I'm not sure how operator>>() is implemented in Poco::Base64Decoder. If it is same as istream's operator>>(), then after decoder >> decodedString; decodedString may not contain all characters from the input. For example, if there is any whitespace character in encoded string then decoder >> decodedString; will read upto that whitespace.
Doing a memcpy of classes/structs is okay if they're just Plain Old Data (POD), but if that's the case, then you could rely on C++ doing the copying for you via copy constructors (which exist for both struct and class types in C++).
Certainly you can do it the way you have been doing it - one of the products I've worked on serializes data using memcpy, sends the data over the wire, and client applications decode the bytestream to get the data back.
But if you have a choice, you might want something higher level like boost.serialization, which offers more flexibility and deep-pointer copying. The aforementioned Google ProtoBuffers would work nicely too.

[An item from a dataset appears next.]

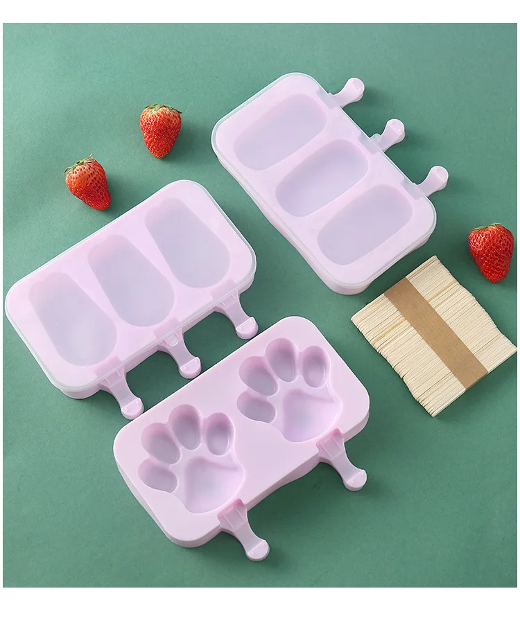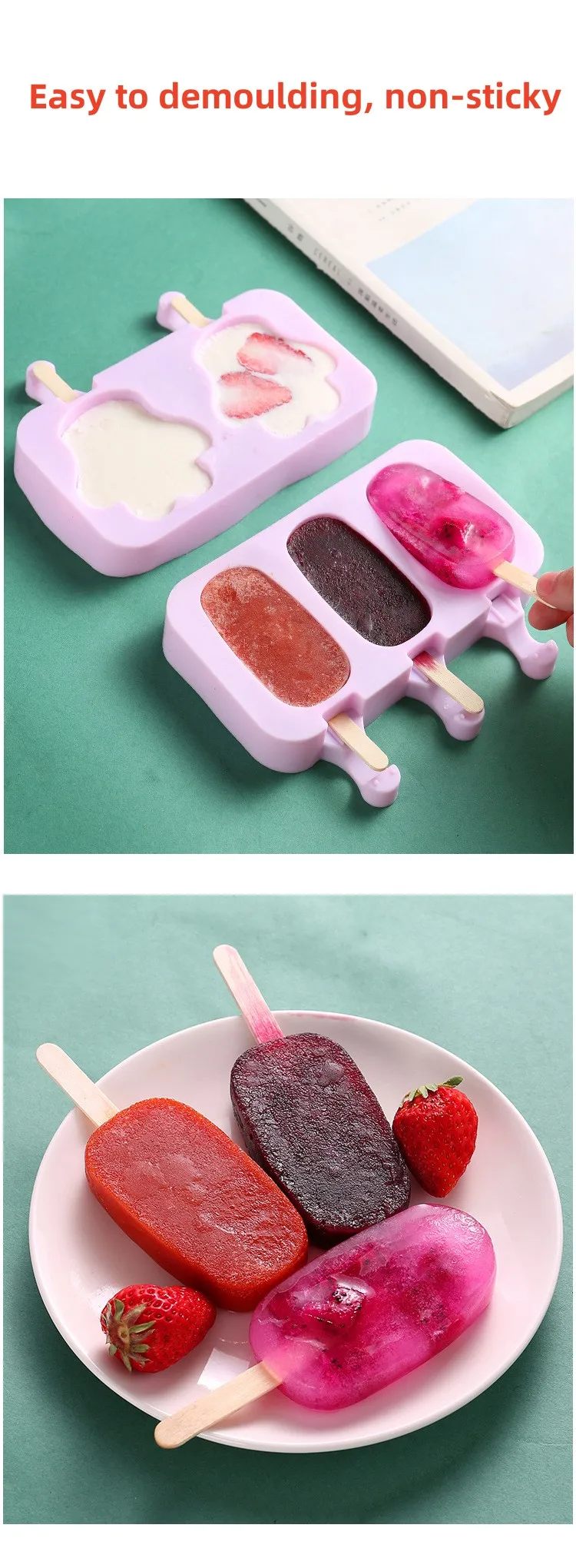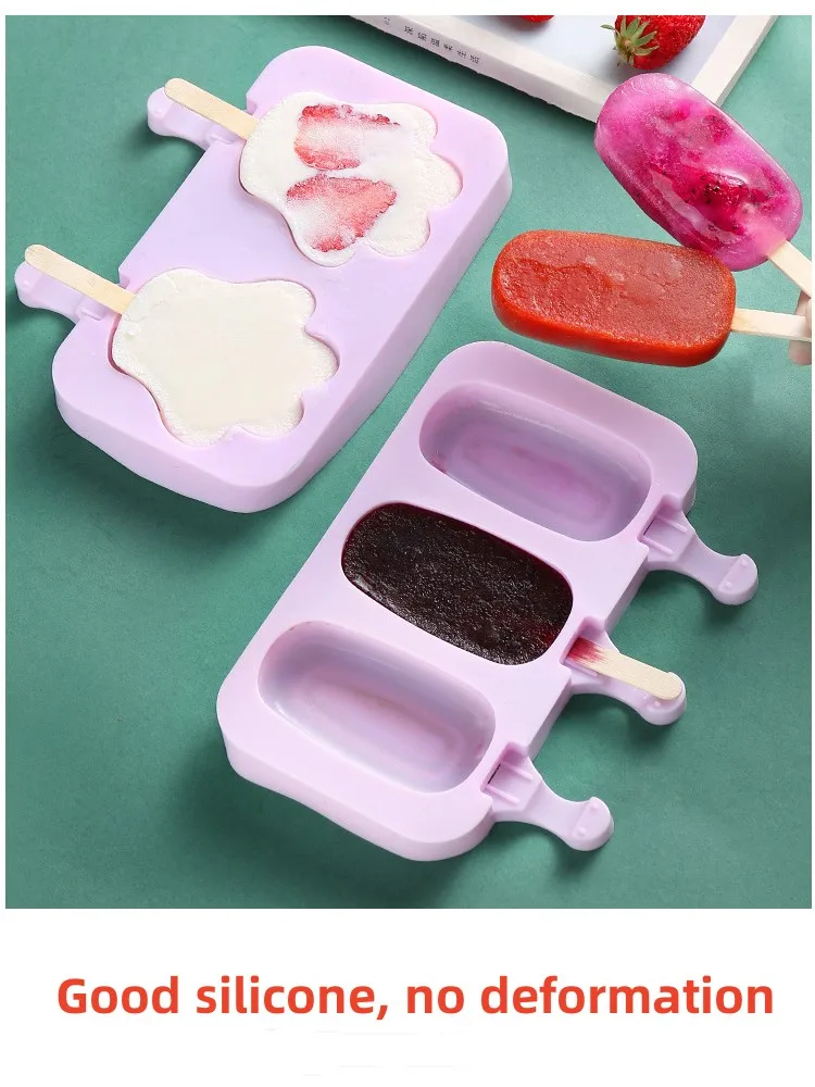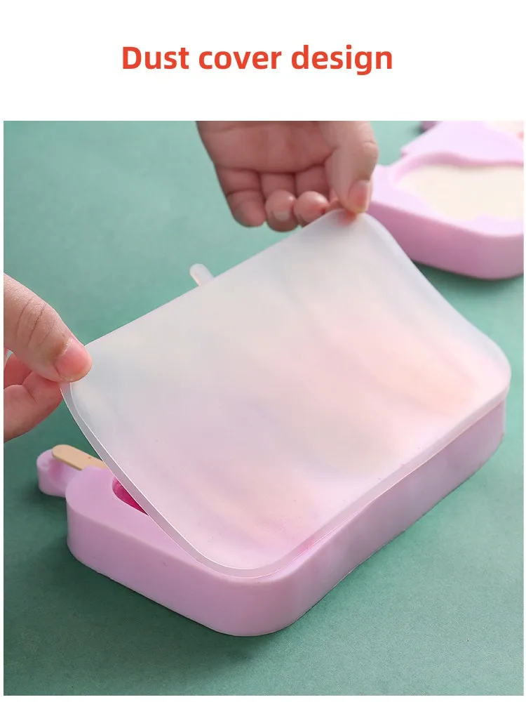 Silicone Ice Cream Mold Popsicle Siamese Molds with Lid DIY Homemade Ice Lolly Mold Cartoon Cute Image Handmade Kitchen Tools

Here are some threads discussing serialization methods in C++:
boost serialization vs google protocol buffers?
C++ Serialization Performance
I wouldn't go as far as to say that it's evil, but I think it is asking for trouble and weird problems in many cases.

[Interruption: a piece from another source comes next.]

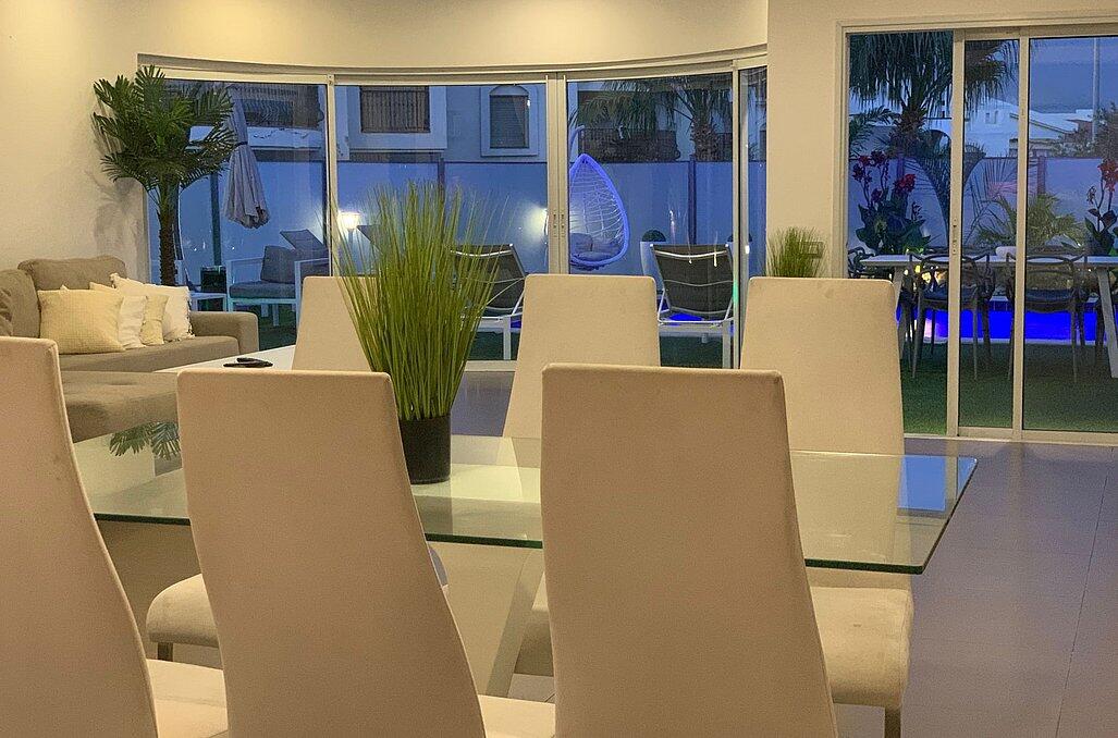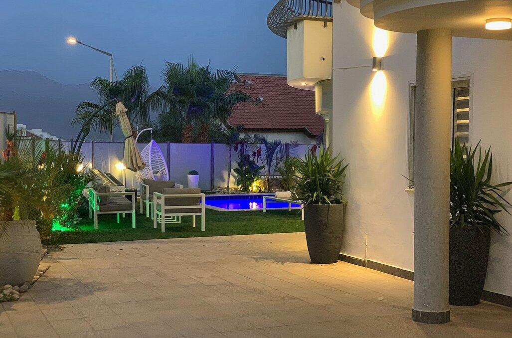 אורחי הוילה יהנו מ5 חדרי שינה מפנקים ו4 חדרי רחצה, מתחם פנים מרשים ביותר הכולל 2 סלונים ומגוון מערכות ישיבה.

I know it has been done and it can work (I've seen people serialize structs like that to send over a network connection), but it has a number of drawbacks that have been pointed out already (inflexibility, endianness problems, structs containing pointers, packing, etc).
I'd recommend a more robust way of serializing and deserializing your data. I've heard lots of good things about Google protocol buffers, something like that will be a lot more flexible and will probably save you headaches in the end.
Serializing data in the manner you've done it is not particularly evil, if you know you're staying on a machine with the same byte size, word size, endian-ness, etc. Since you're serializing the window placement information, you probably don't care about portability between two different machines, and only want to save this information between sessions on the same machine. I'd hazard a guess that you're storing this into the Registry. If you want portability for other data that is actually useful when it's ported to other architectures, then you can look at many of the other suggestions posted here already, such as Google protocol buffers, etc. Whitespace is a red-herring, as all WS is irrelevant in a base64 encoded data stream and all decoders should ignore it (PoCo does).I am curious to know what are the sizes of the string and the structure when it fails.Knowing this might give you some insight into the problem.